STUDY MATERIAL -
= = = = =

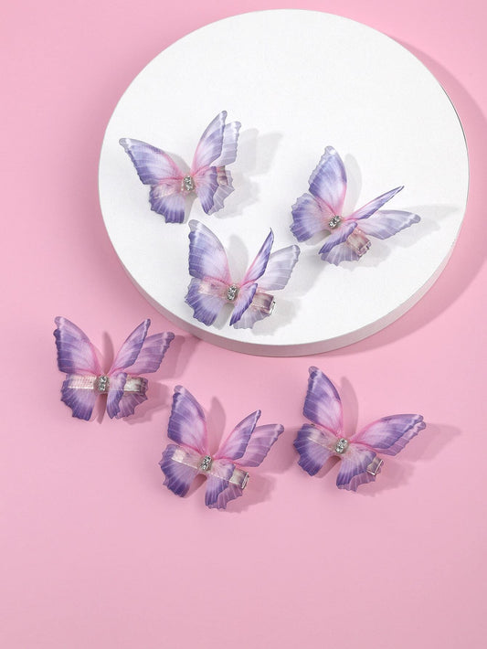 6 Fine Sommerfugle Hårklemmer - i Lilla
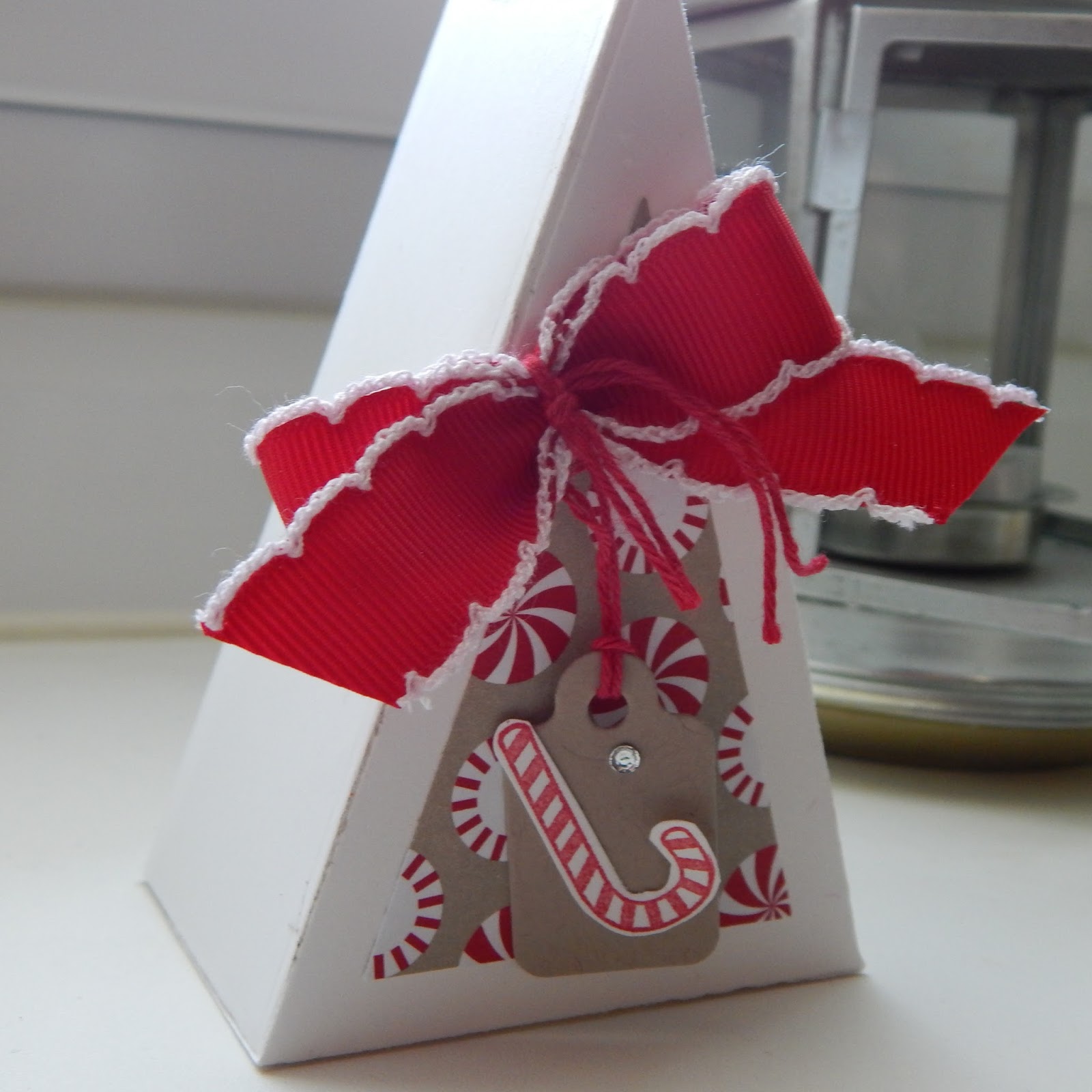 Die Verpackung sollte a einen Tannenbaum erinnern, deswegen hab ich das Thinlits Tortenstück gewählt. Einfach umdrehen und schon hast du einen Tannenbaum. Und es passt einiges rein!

= = = = =

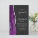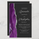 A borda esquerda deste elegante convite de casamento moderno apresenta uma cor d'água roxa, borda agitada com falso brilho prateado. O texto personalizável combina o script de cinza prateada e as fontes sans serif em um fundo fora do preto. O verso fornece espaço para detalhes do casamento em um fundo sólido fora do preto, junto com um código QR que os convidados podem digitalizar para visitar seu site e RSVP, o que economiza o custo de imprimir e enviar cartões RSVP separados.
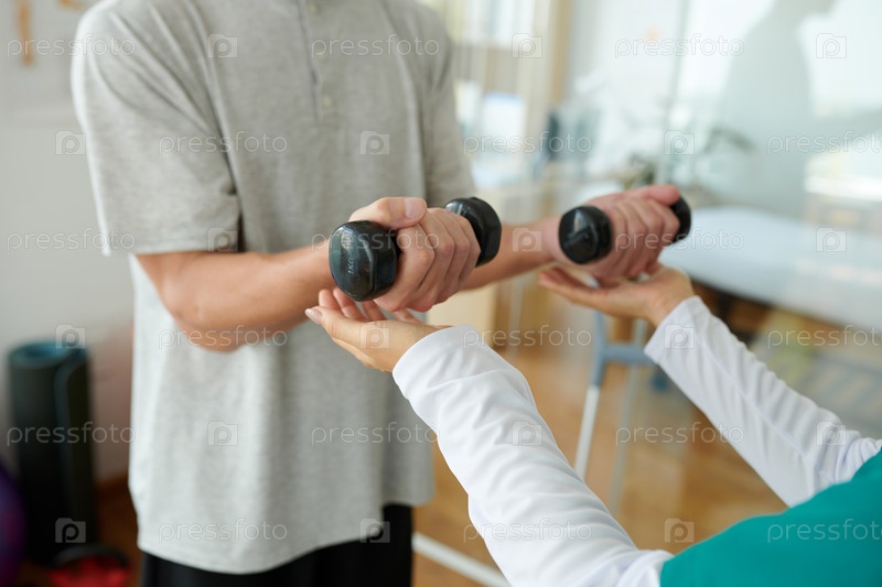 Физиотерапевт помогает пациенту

= = = = =

WHAT YOU NEED TO DO -
Print an exact copy of the lines above, from the one containing "6 Fine Sommerfugle Hårklemmer - i Lilla" through the one containing "Die Verpackung sollte", and leave out the pictures.

FINISHED TASK -
 6 Fine Sommerfugle Hårklemmer - i Lilla
 Die Verpackung sollte a einen Tannenbaum erinnern, deswegen hab ich das Thinlits Tortenstück gewählt. Einfach umdrehen und schon hast du einen Tannenbaum. Und es passt einiges rein!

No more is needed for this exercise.